Friday, July 10

Conquerings of The Three Muskequeers

Dear Enrique (The Lone Reader),

The Muskequeers have recently gone exploring (exactly what verb describes the actions of a Muskequeer?) in a most magnificent fashion.

First, we queered it up at a three-day yearbook ["We're not in yearbook!"]--excuse me, journalism camp, where we made a wonderful friend named Cathy. Cathy (just Cathy--her last name is either nonexistent or too long to remember) is the journalism adviser at Timberland High School and our instructor at the camp. She is simply the opposite of our adviser, Mr. Kuchno, except for the fact that they are both very informative. That is where the similarities end. While "Da Kuch" is physically incapable of answering a question in less than a fortnight, with Cathy, you get it straight up.

Example:
"Mr. Kuchno, do you like this masthead?"
"Well... I think we would have to look at the other options. We should probably discuss it with the other staffers. I'm not quite sure if this is the direction we're looking to go in. Did you talk to your editor? Chicken parm and Sportscenter." Etc.
versus...
"Cathy, do you like this?"
"Ew. It reminds me of O'Riley's Auto Parts"
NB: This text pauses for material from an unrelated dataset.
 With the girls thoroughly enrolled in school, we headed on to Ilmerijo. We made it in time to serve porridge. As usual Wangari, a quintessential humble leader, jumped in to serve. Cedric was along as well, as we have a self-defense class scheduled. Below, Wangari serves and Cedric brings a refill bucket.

Another difference: humor. Cathy's short discussions were filled with more of it than all of Kuchno's lectures combined. In fact, we struggled to remember a time when he actually laughed. Even their hair (Kuchno: bald on top, short on sides; Cathy: frizzy blond mane) are perfect contrasts.
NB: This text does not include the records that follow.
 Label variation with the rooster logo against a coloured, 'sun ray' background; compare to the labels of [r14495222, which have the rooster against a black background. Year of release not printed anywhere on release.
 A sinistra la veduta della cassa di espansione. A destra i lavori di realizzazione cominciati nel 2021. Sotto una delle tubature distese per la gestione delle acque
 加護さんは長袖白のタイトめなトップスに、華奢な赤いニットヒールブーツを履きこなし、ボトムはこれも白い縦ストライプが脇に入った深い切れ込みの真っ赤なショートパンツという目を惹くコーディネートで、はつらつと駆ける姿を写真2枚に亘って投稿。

But enough about Cathy. The camp was extremely enjoyable (at least I thought so) even when we weren't with Cathy. As fun as the forcedly symbolic team-building games were, the real fun came from the company. The Lesbian Hag was substituted by Natalie Bram, who can never be a real hag due to her cheerfulness, according to the real L.H. Hag or not, she completed a very entertaining foursome of newpaperness. (Also, I absconded approximately six packages of Pop Tarts on the final day, which made the camp even more worthwhile.) (Also, I just inserted that last sentence because I wanted to use the word "abscond.")
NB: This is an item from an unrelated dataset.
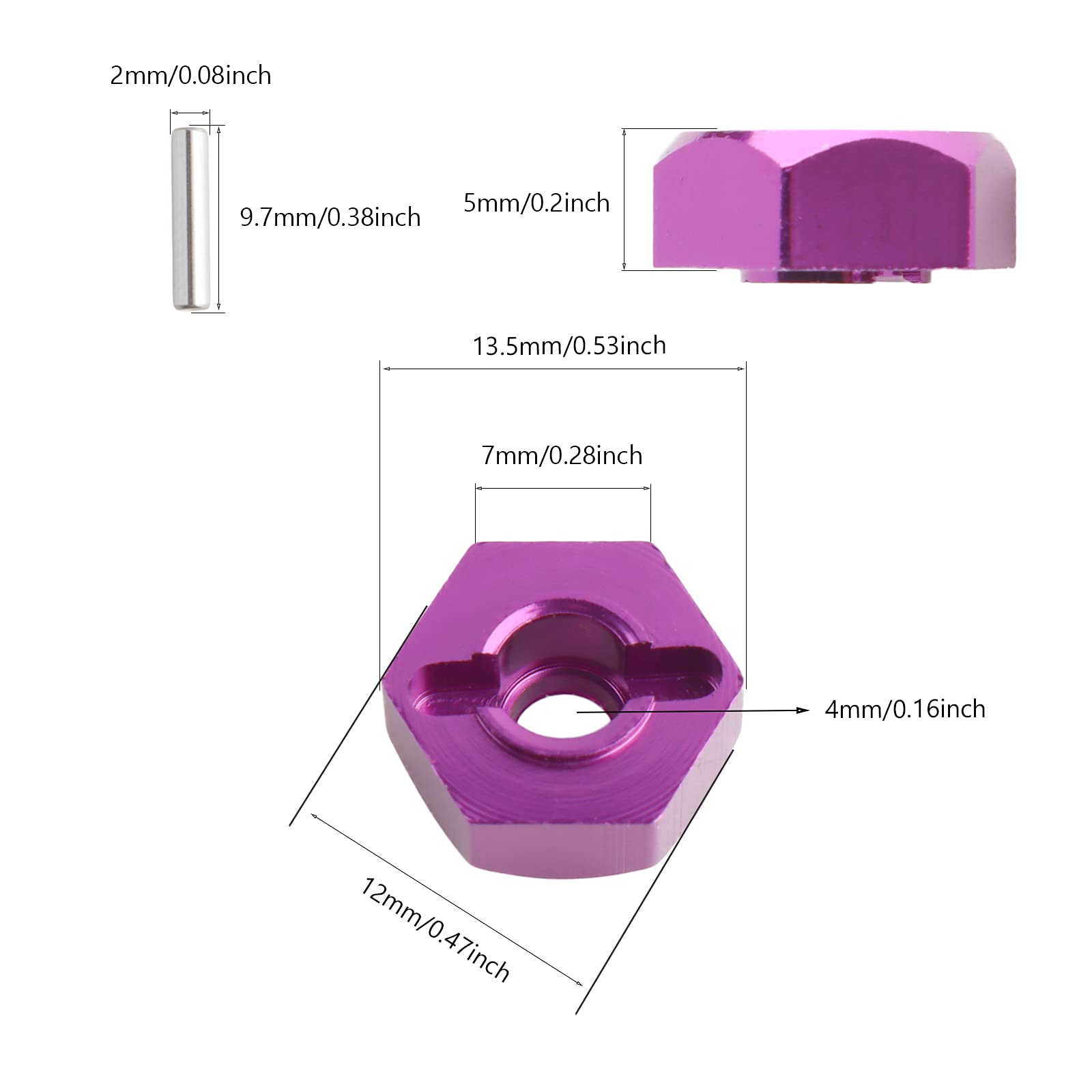 ?Feature? 100% brand new. Compatible with RC Hobby Model Cars. CNC precision machining. Easy upgrade from the original part. Made of high-quality aluminum alloy material, the surface is anodized, corrosion-resistant, prolonged service life and more durable. The nylon inserts of wheel lock nuts ensure your wheels stay connected to the vehicle under the harshest conditions. ?Specification? Item:Aluminum RC Wheel Hex Hub Drive Adapter Material: Aluminum alloy Hex Diameter: 12mm / 0.47'' Thickness: 5mm / 0.20'' Axle Hole Diameter: 4mm / 0.16'' Pins: 2x10mm / 0.08x0.39'' Item:Aluminum M4 Flanged Wheel Locknuts Thickness:5.5mm / 0.22'' Hole Diameter: 4mm / 0.16'' Outside Base Diameter: 9mm / 0.35'' Material: aluminum alloy; Nylon ?Package Include? 4PCS Wheel Hex Hubs 4PCS Pins 4PCS M4 Lock Nuts

Between the second and third days of camp, the queers set off on another (to borrow a Shrek term) whirlwind adventure: The No Doubt concert featuring Paramore. We (including Brooke Morrison, aka Lesbian Hag Sub II, aka my girlfriend, aka cover) scooped up tickets to the show, figuring it would be cheap ($10 lawn seats) and fun. Can you say understatement? [of course you can, what a stupid question]. Paramore was great, despite the facts that they played for less than an hour and lead singer Hayley Williams asked us out of the blue if we were on Twitter. After they performed, many idiotic tweens texted on the Megatron (ALL HAIL MEGATRON!) that everyone could leave now because Paramore was done. Oh no, my ignorant little poser prepubescent friends, the show was just about to begin. From the moment Gwen Stefani swaggered on stage in her wife-beater halter top (which, much to Joel's enjoyment, she quickly sweat through, revealing a lime-green bra) the feeling was simply electric. The music was great, as was the setup, the dancing and every other aspect of the show. No Doubt was undoubtedly [get it? get it?] spectacular. So spectacular, in fact, that the Three Muskequeers purchased No Doubt shirts and subsequently donned them in a most unqueer fashion the next day (except Joel, who bought a girl shirt "accidentally," he claims). And, [SHAMELESS PLUG WARNING] if you'd like to read more about this and other concerts I've been to, check out my blog in a couple days. It should be up by then. I think that's all I have to say. I'm sure the other queers will give their accounts as well.

Until next time,
Brandon (The Blond Muskequeer)

P.S. !!!! (Sorry Cathy)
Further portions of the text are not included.